Repeat verbatim what the listing holds, but not its pictures.

- Raw data -
▽
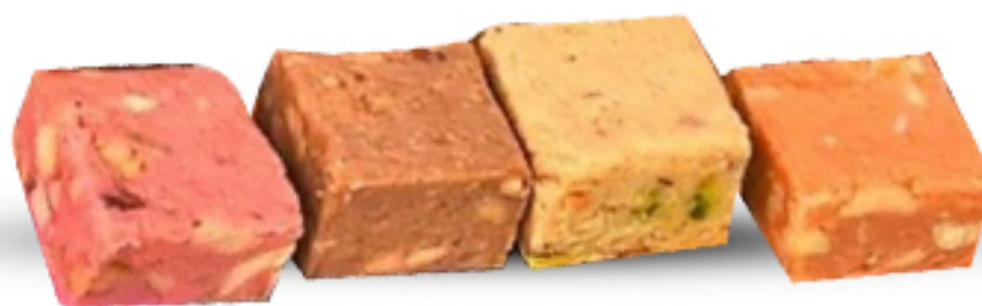
Kaju Bites : Rose, Mawa, Plain Horlicks
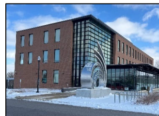
Wooster Science Building
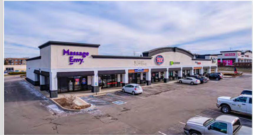
Emerson Commons II
△
- Exercise solution -
Kaju Bites : Rose, Mawa, Plain Horlicks
Wooster Science Building
Emerson Commons II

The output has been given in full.